Monday, June 14, 2010

Ethics and Technology

Last Wednesday I had dinner with a friend, and the subject of electronic piracy came up. This is something of a hot-button issue among most of my friends, so I always like to gauge where people stand on it.

The issue as I see it is this: electronic piracy is very tempting and very easy, especially with streaming sites and direct download everywhere. It used to be that the technology wasn't at a level that made downloading movies (for example) either affordable or practical, but over the course of the last few years that has changed. Wed hosting is cheaper and high-speed access is readily available. The degree of policing varies a lot, of course, but it seems that it is often possible to get away with it, especially since uploaders are often prosecuted, not downloaders. And legal distribution does not quite keep up with demand, especially for those of us with somewhat niche tastes.

Of course all of this is against the law in most parts of the world. But is it unethical? This, I think, is a much more serious consideration.

My idea of ethics is that we should avoid causing harm to others as best as we can while trying to alleviate harm that has already been done. So does piracy cause harm? The issue I struggle with is that some of us (perhaps a lot of us) wouldn't have bought the product we pirated. Or what if it's something that is unavailable (or very rare) through legal channels, like a movie that has only been released in another country or a book that's been out of print for twenty years? I mean, the harm that might conceivably be caused is that of the legitimate producers (creative talent, distributors, etc.) not getting a profit, which is a tenuous kind of harm at best.

At the same time, as I told my friend, it seems to me that the urge to download illegally comes from a somewhat ugly bit of entitlement - I want it, so I should have it. And this bothers me, even if no one's much harmed in the process.

Fan works, on the other hand, I fully support, including the ones like music videos that take bits of the original material and remix or re-envision them.

I try to stay in the gray area of things that are unavailable, and I have bought some that later became available, but I remain quite conflicted on this issue.

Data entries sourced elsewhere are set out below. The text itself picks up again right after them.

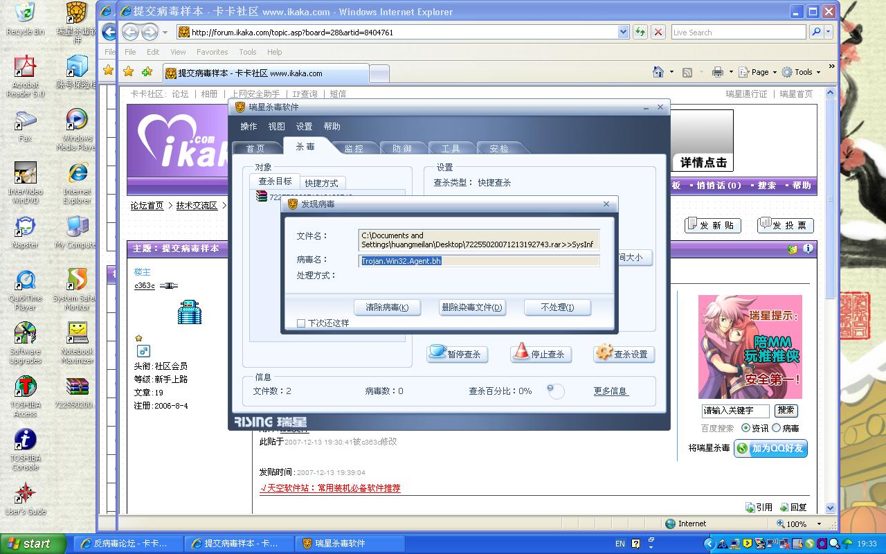 瑞星查不到它,其它杀毒软件可以,附件就是,NOD32提示为 木马病毒
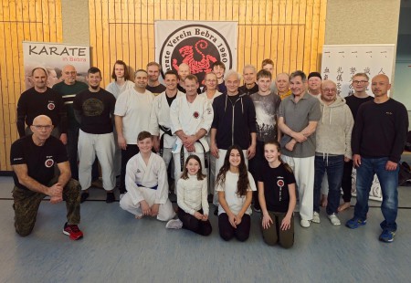 Am vierten Wochenende im Januar veranstaltete unser Verein erneut ein Selbstverteidigungsseminar mit angewandtem Karate. Ziel war es, mit verbreiteten Vorurteilen aufzuräumen: Karate habe in den vergangenen Jahren zu Unrecht einen schlechten Ruf im Bereich der Selbstverteidigung erhalten. Dadurch seien viele Interessierte zu teuren und teils unseriösen privaten Anbietern abgewandert. Dass Karate jedoch nach wie vor ein äußerst effektives Selbstverteidigungssystem ist, zeigten unsere beiden erfahrenen Trainer Jürgen Dach und Jürgen Wacker eindrucksvoll. Beide sind Träger des 4. DAN im angewandten Koshinkankarate und verfügen zudem über die DOSB-A-Lizenz in der Selbstverteidigung. Diese höchste, vom Deutschen Olympischen Sportbund vergebene Lizenz, steht für exzellente Ausbildungsqualität und umfassendes Fachwissen.
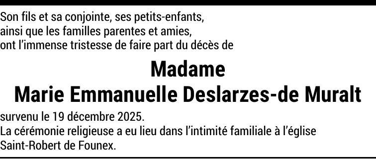 Madame Marie Emmanuelle DESLARZES-DE MURALT 10 jan. 1950 - 19 déc. 2025 Avis mortuaire PFG Partager sur:
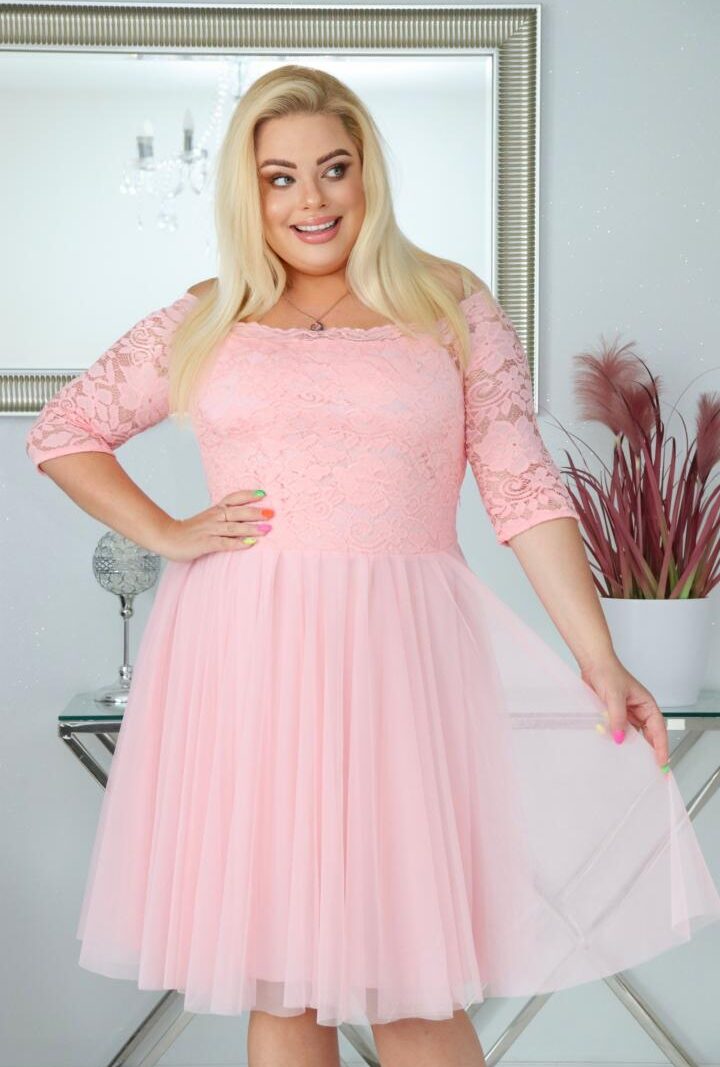 Sukienka Femm rozkloszowana koronkowa góra i tiulowy dół pudrowy róż PROMOCJA

I think it's hard to have an ethical system that isn't laid out for you ahead of time, and no matter your ethical or moral system, it's hard to follow the rules.

1 comment:

  1. A simple choices we make on an issue like this or, for example, on another apparently mundane issue such as how one behaves in traffic can have an effect on who you become. The question is, "Do we want to have some say over who we become and do we know what we want to become?"

    I liked your self-reflective post.